"A few years ago my friend and I were staying with my parents in the Coromandel over the New Year period," writes Emma. "Cellphone coverage was non-existent, but we desperately wanted to check our NY text messages. My dad kindly offered to drive our phones (while he was getting coffees) to the next town as there was coverage there. This was dutifully done and he returned triumphantly - but with no messages on the phones! He couldn't understand that the message would stay on the phones, so he had diligently noted all the messages down in his notebook and proceeded to delete them!"
What gets schools all riled up
What did you get in big trouble for at school in NZ?
1. My friends got suspended for mooning from a school bus. They had "sexual misconduct" put on their school records.
2. A girl in my year wore a badge that said "f*** authority". When asked to remove it she simply pointed to the badge. Badass!
3. I was threatened with suspension for organising a 7th Form anti-'81 Tour protest.
4. I got suspended for owning up to having had a cigarette at 7th Form school camp, after a bunch of my friends got caught red-handed. Missed the final school ball and everything. Lesson learned. Never be honest.
5. A mate was going to be dux, but even though we left him passed out at home after the ball, he biked into school the next day, went to Stats and puked out the second floor class window. Got suspended. No more dux.
6. I got threatened with expulsion by a deputy principal for selling Coke. Luckily, the principal thought it was entrepreneurial.
7. I got away with a warning from the dean for running a book on the 1990 Football World Cup. Tidy little earner.
8. I plastered then-PM Jim Bolger's campaign bus with 'Keep Left' stickers during a 1996 campaign stop.
My 5-year-old came home and told me he had done gymnastics for the very first time. I asked him what he did and he said he walked along "a big stick" that had a "giant pillow underneath it", in case you fell off and that some girls had "jumped on a spring and flown over a piano".

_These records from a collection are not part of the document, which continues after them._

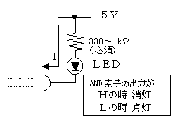 プ抵抗(4.7kΩ)による回路を使用する。またIC出力のHまたはLの確認は、
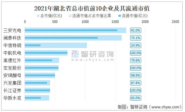 據(jù)同花順統(tǒng)計數(shù)據(jù)可知:截止至2021年12月31日,湖北省總市值最高的企業(yè)是三安光電,主要從事光學光電子行業(yè),總市值為1682.44億元,其流通市值占總市值比重為91.05%;總市值排名前10的企業(yè)市值共計7902.64億元,占全省總市值的42.81%。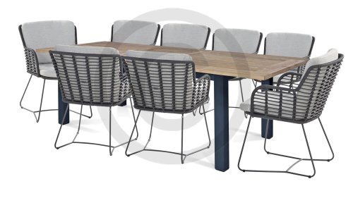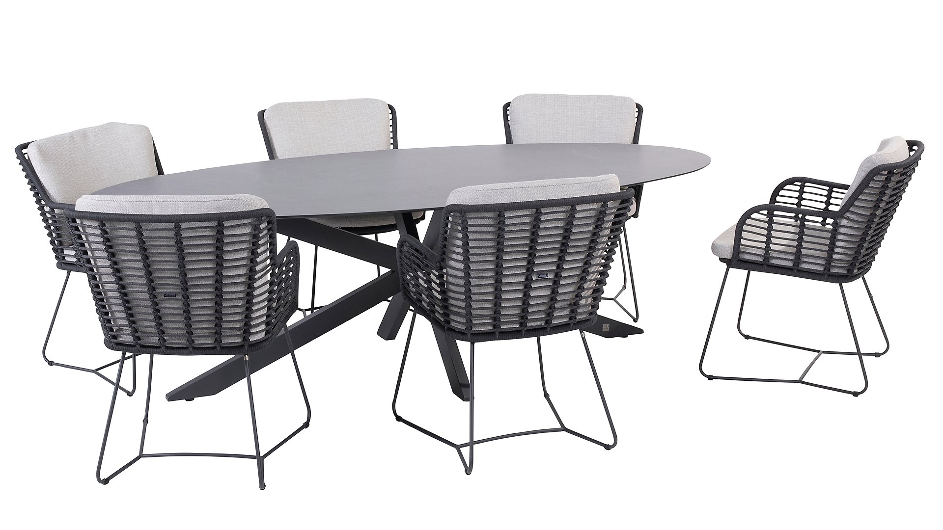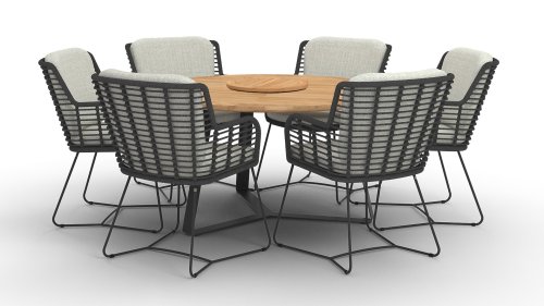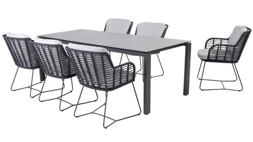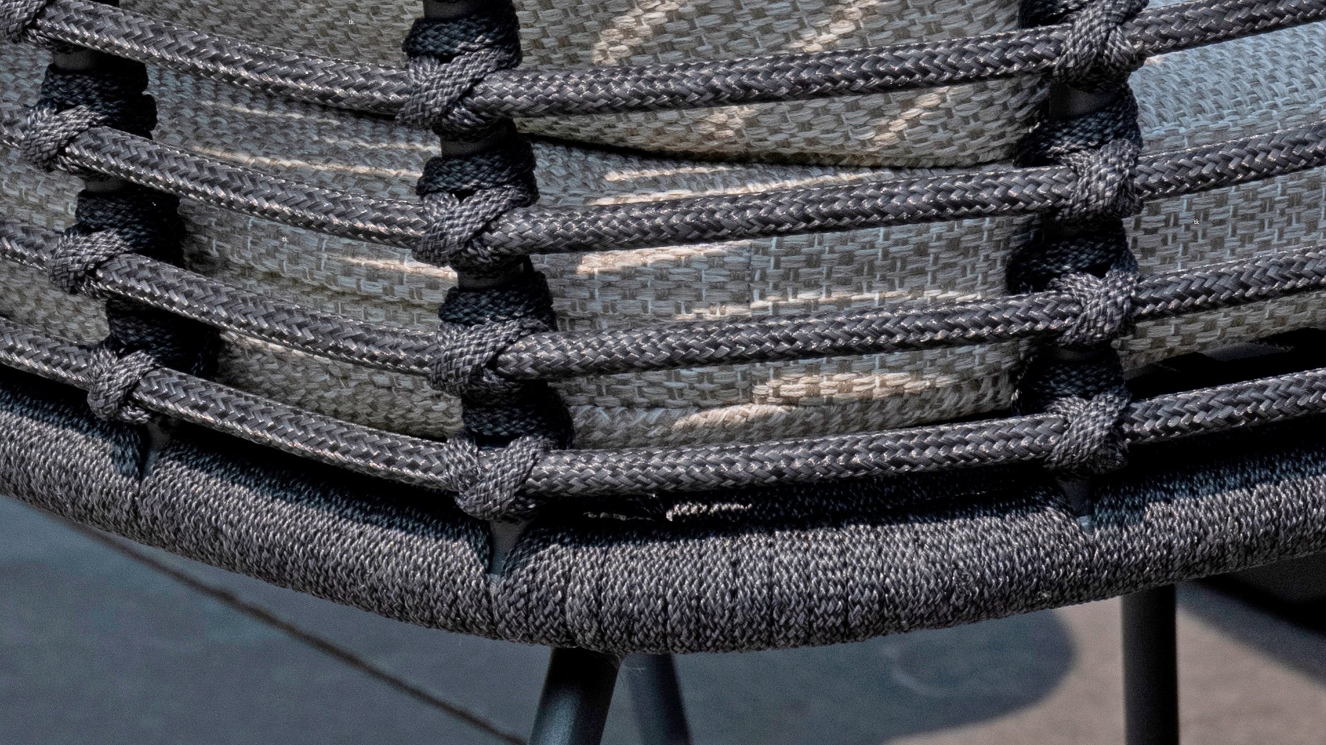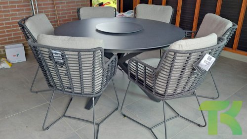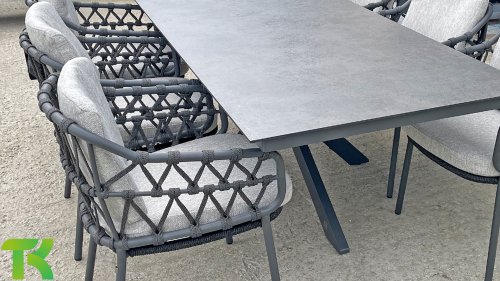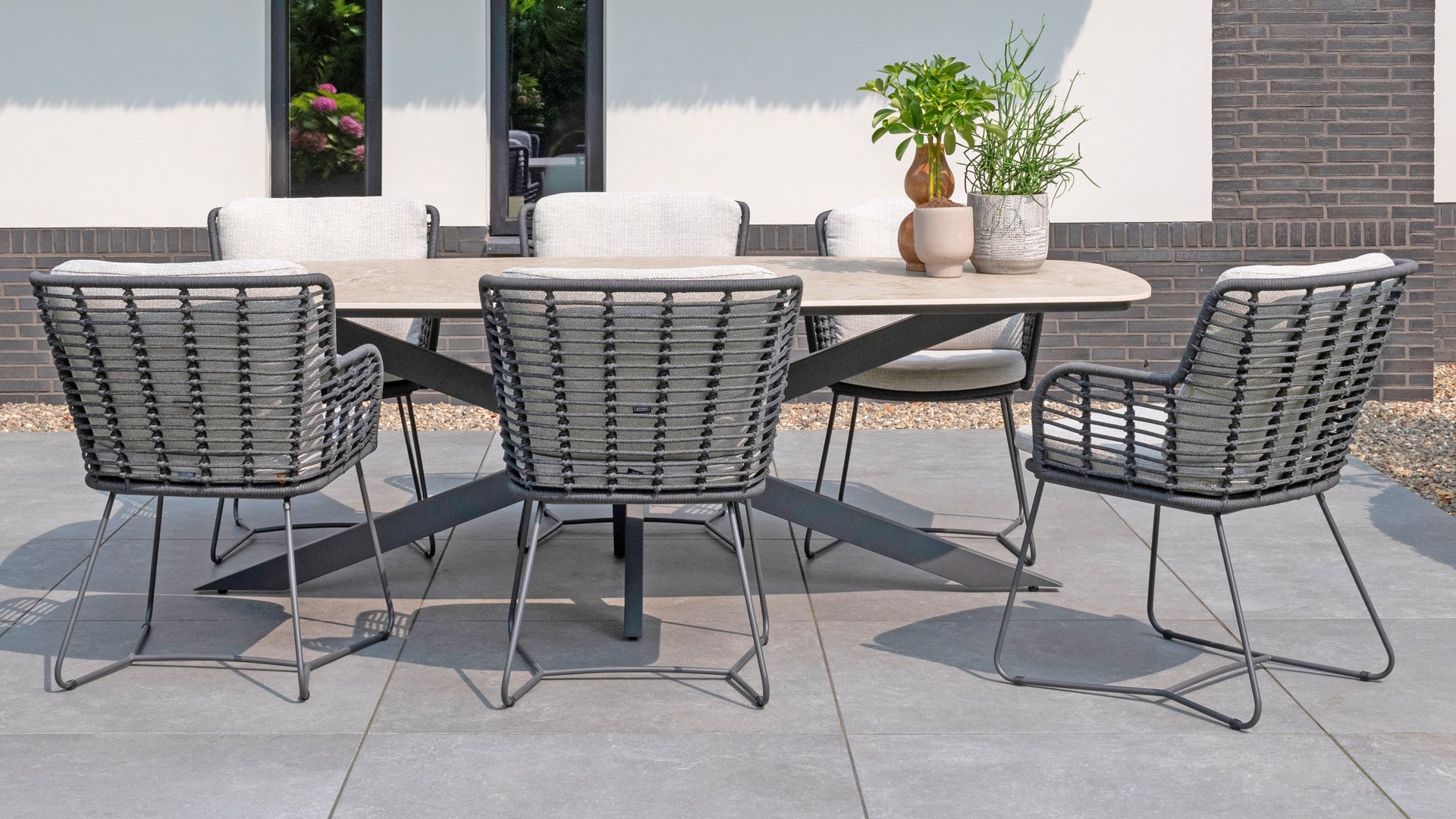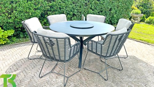 Der Rahmen des Fabrice 4SO Dining fließen in einander und dies wird fertiggemacht mit dem einzigartige Rope Geflechte. Rückenlehne und Sitzfläche ist mit dieser starken Rope geflochten und gibt ein fest, aber bequem Sitzen. Die schönen Rahmen sind aus Aluminium. Ein schönes, flaches Seil (Rope) mit einem weichen und komfortablen Aussehen wurde in den Rahmen eingewebt. Die runden und Eckige Formen erhalten das Gleichgewicht dieses modernen Designs. Der Rahmen ist eine spielerische und zerbrechlich Zusammenspiel von glatten Linien, die wieder zusammen kommen und auseinander gehen, ein fest für die Augen!

Beer served with guilt on the side
Guilt-free beer in the US is about to be ruined by a nutrition information panel. Consumers know each swig is a carb grenade, but now they are going to have to read about it. Although the Beer Institute's new nutrition labelling guidelines are voluntary, according to Motherboard, "the six largest brewers in the country, which collectively produce more than 81 per cent of beer sold in America, have all agreed to the new label standards."